ACTION ITEM:
The line with "ROUND RUBY & ROUND DIAMOND 14KY EARRING" marks the start; please set it down along with all later lines through the end of the material, exactly, leaving out pictures.

DATASET CONTENT:
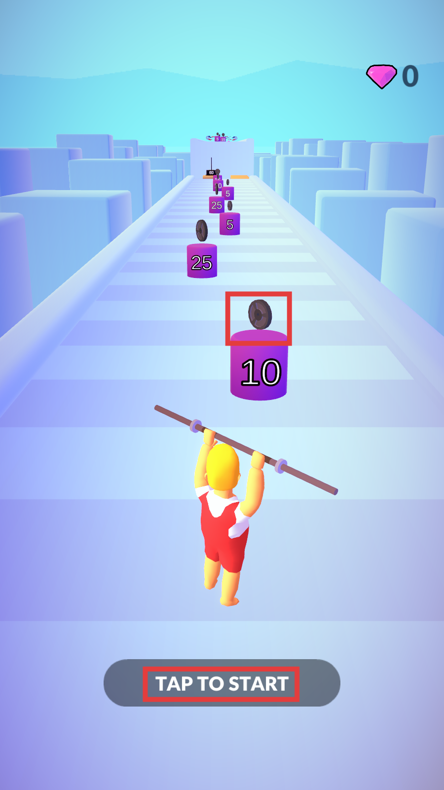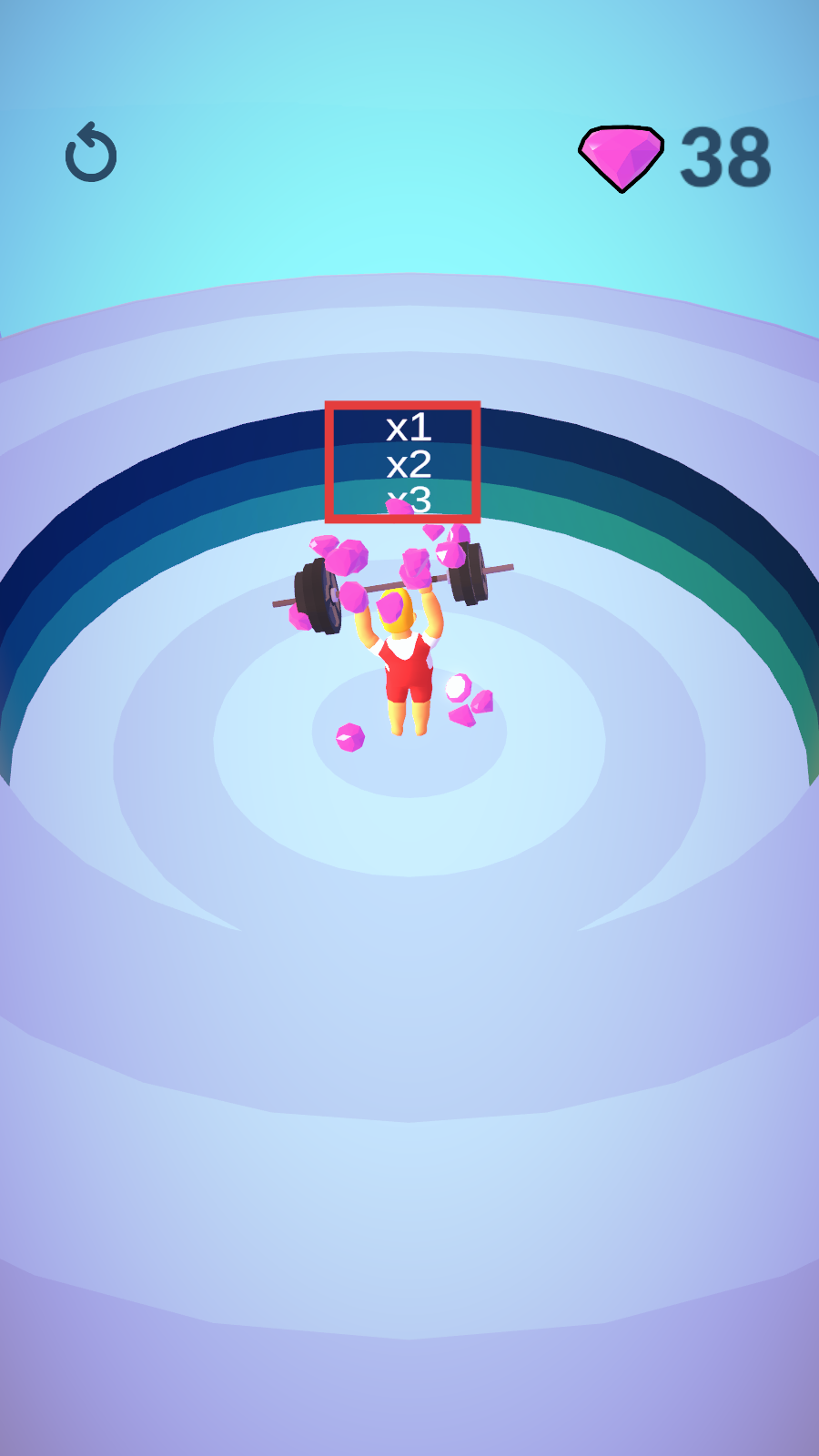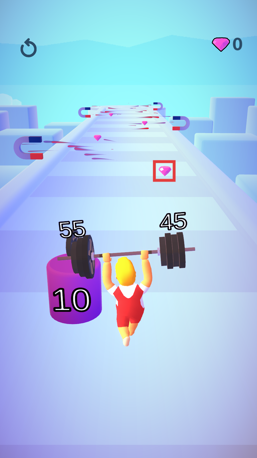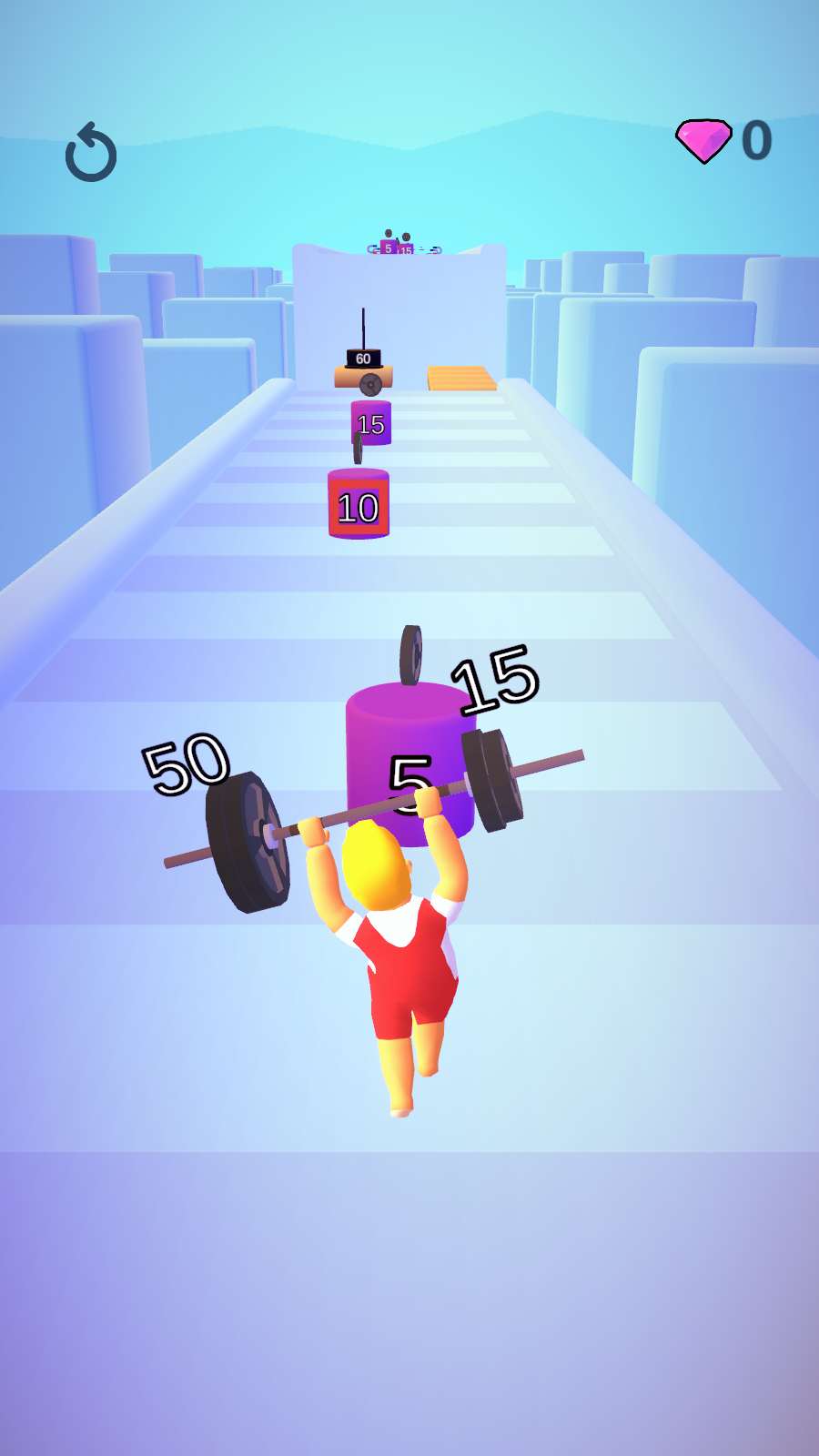 2、行进中看准时机,撞击不同数字方块增加杠铃重量。
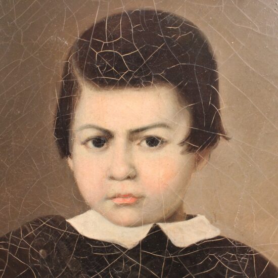 Walking the line between stylized Art Deco and Surrealism, this original devilish painting may have been created as magazine or poster illustration. Unsigned.
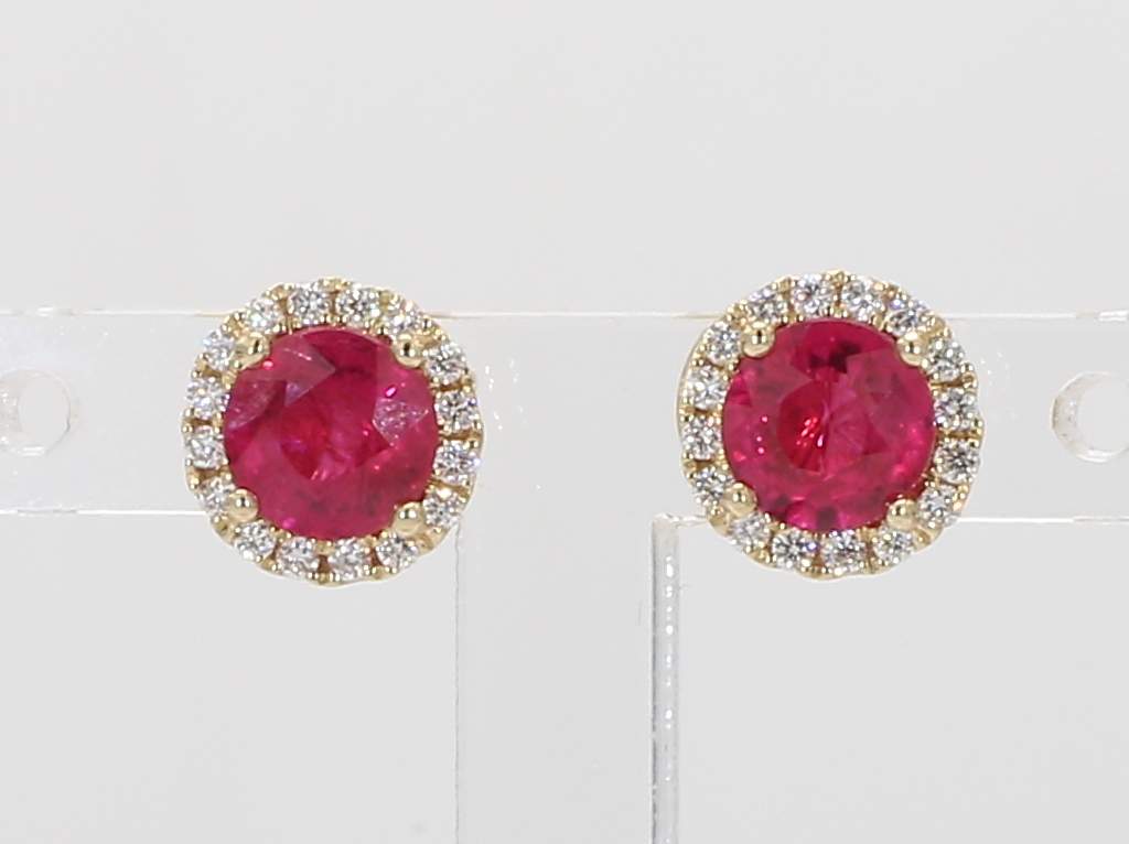 ROUND RUBY & ROUND DIAMOND 14KY EARRING
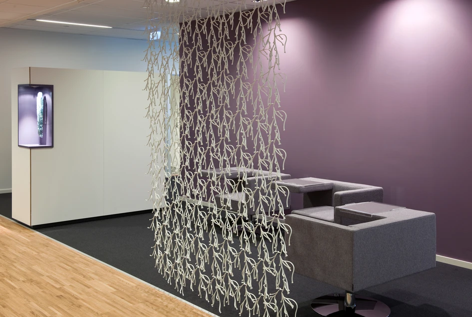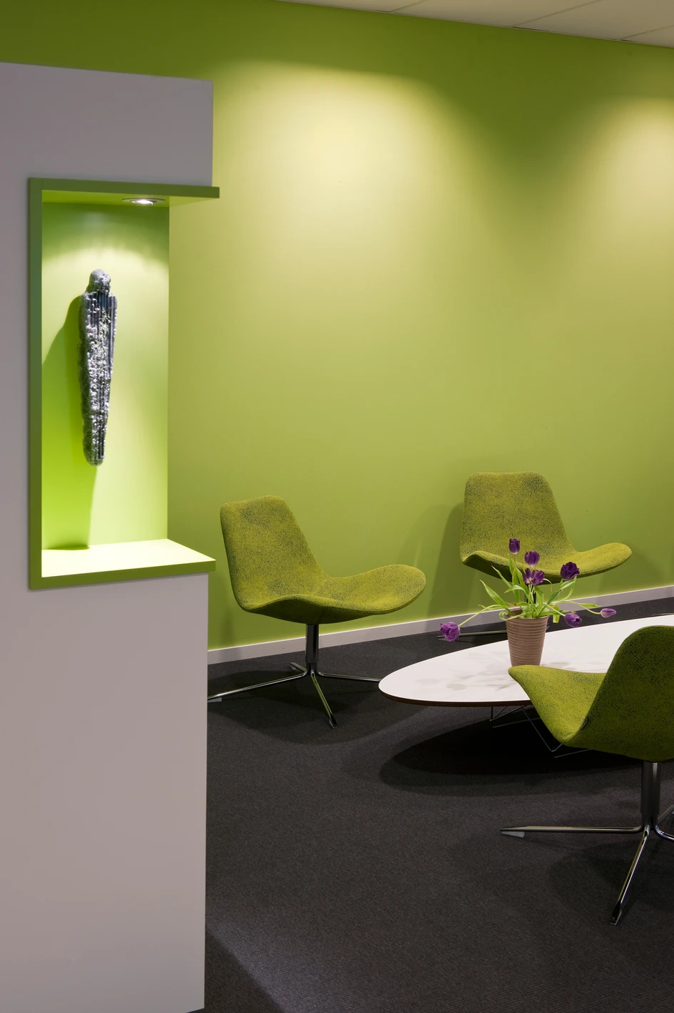 The headquarters in Kongsberg, Norway has been furnished with a colourful mix of Offecct products. Each meeting room has got its own colour code with products matching the interior and walls. Offecct has delivered Spoon easy chair, Solitaire easy chair and Palma easy chair in different colours and patterns.

ANSWER TO THE EXERCISE:
 ROUND RUBY & ROUND DIAMOND 14KY EARRING
 The headquarters in Kongsberg, Norway has been furnished with a colourful mix of Offecct products. Each meeting room has got its own colour code with products matching the interior and walls. Offecct has delivered Spoon easy chair, Solitaire easy chair and Palma easy chair in different colours and patterns.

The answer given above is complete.